• Recorded information
BEGIN
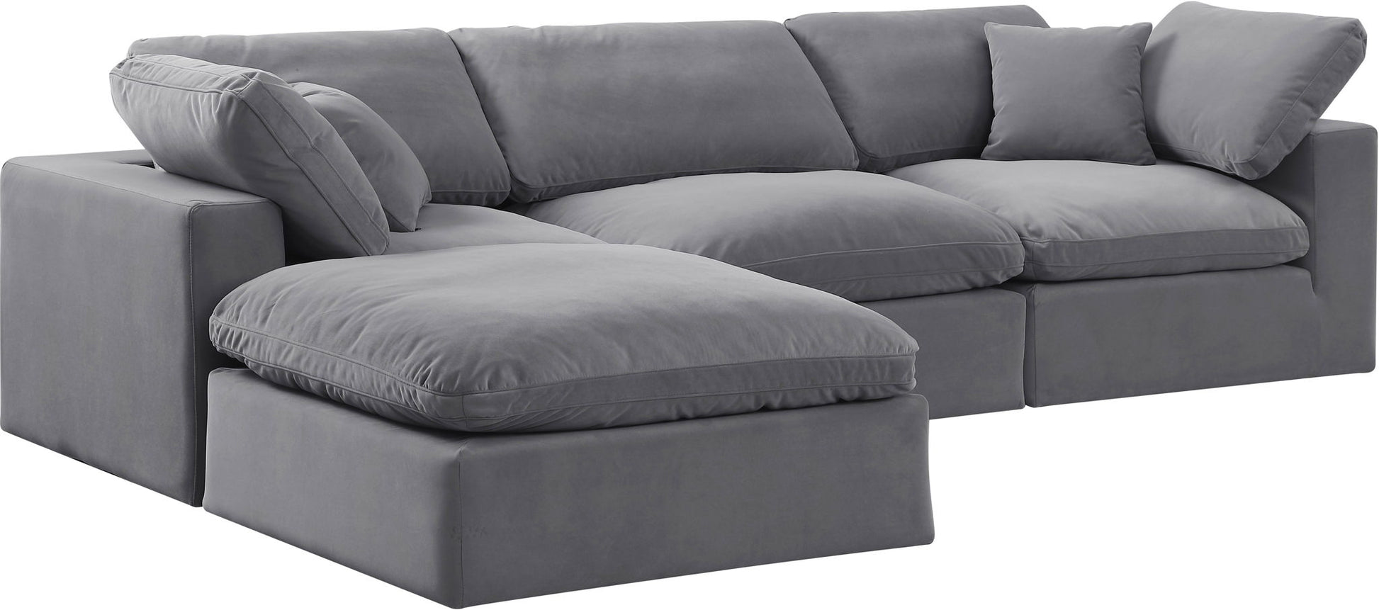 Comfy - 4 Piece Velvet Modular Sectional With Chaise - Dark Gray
END
BEGIN
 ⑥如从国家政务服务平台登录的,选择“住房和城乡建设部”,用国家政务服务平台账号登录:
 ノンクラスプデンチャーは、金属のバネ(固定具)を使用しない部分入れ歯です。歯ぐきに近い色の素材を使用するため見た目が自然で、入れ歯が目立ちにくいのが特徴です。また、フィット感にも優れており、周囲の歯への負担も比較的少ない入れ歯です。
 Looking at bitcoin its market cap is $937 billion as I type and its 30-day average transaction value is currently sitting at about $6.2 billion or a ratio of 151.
END
BEGIN
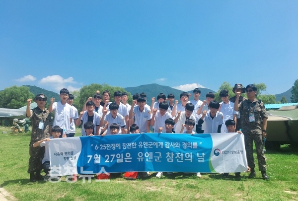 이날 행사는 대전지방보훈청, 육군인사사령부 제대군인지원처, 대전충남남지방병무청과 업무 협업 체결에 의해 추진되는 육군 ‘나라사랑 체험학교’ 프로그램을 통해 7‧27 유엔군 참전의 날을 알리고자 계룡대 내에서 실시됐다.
END
• Exercise instructions
Return exactly the lines above from the line that has "⑥如从国家政务服务平台登录的" through the line that has "Looking at bitcoin", inclusive, and nothing else.

• Completed exercise
 ⑥如从国家政务服务平台登录的,选择“住房和城乡建设部”,用国家政务服务平台账号登录:
 ノンクラスプデンチャーは、金属のバネ(固定具)を使用しない部分入れ歯です。歯ぐきに近い色の素材を使用するため見た目が自然で、入れ歯が目立ちにくいのが特徴です。また、フィット感にも優れており、周囲の歯への負担も比較的少ない入れ歯です。
 Looking at bitcoin its market cap is $937 billion as I type and its 30-day average transaction value is currently sitting at about $6.2 billion or a ratio of 151.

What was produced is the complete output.